KILL DEVIL HILL - Black Cat Down!
by Martin Popoff
There's more drama these days in the Pantera an' Down camp, and add to that the hot seat that is the drum stool at future Black Sabbath concerts (well wishes for Tony's recovery from cancer notwithstanding), the time seems to be ripe 'n' rife for fresh starts. Ergo there goes Texas bass bad-ass Rex Brown and Vinny Appice, percussion legend for Derringer, Sabbath, Dio and Heaven & Hell. Their new joint is called Kill Devil Hill, with the band rounded out by lesser-known typical metal burgers Mark Savon and Dewey Bragg, who, as these things often go, are probably the most important components of the band, actually, being guitarist and front man/vocalist respectively.
"Hard rock/metal," is how Rex Brown begins his summation of the band's thoroughly catchy mix of Sabbatherian stadium metal with reunion-era Alice in Chains (and if Vinnie and Dime's Damageplan comes to mind, well, yer not off-base). "You have your elements of older-style hard rock, '70s hard rock similar to what Sabbath did, with a new edge on it - old meets new, but with its own identity."
And hey, even if Savon and Bragg are obviously capable of colluding o'er a smoke-choked collection of doomsters, without a rhythm section this seasoned and strong, the end effect wouldn't be so steely pro.
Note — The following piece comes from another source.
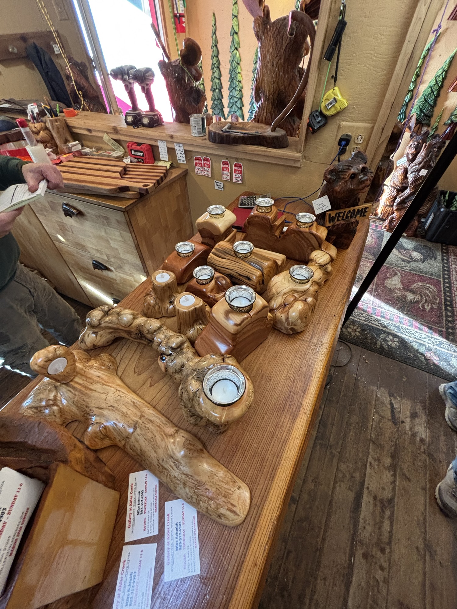 I delivered this Pine table with 4 benches, 12 candle holders and a couple charcuterie boards that my husband built to the Gallery @ Alder Creek yesterday….

"Shoot, I'll just put it this way," ventures Rex, asked what it's like to be in a backbeat with one of the classiest, most distinct old school metal drummers in the world. "I've been blessed three times. If you're a bass player, that's pretty overwhelming. With Vinny, that was definitely one of the considerations going to check and see if this thing could work. Because, you know, we really lock in tight. You know, it's just three different styles of music, basically. I call it my little musical journey. I'm just going down a path that, when you get something dropped in your lap like this, you then really have to say, well, is your heart into this? Are you ready to go and do this again and leave nine years of stuff behind, and go your separate route? But for some reason, when I heard it, I just felt like it was real. It had the melody, the hooks, the harmonies, and everything I was looking for in a singer, I found in Dewey."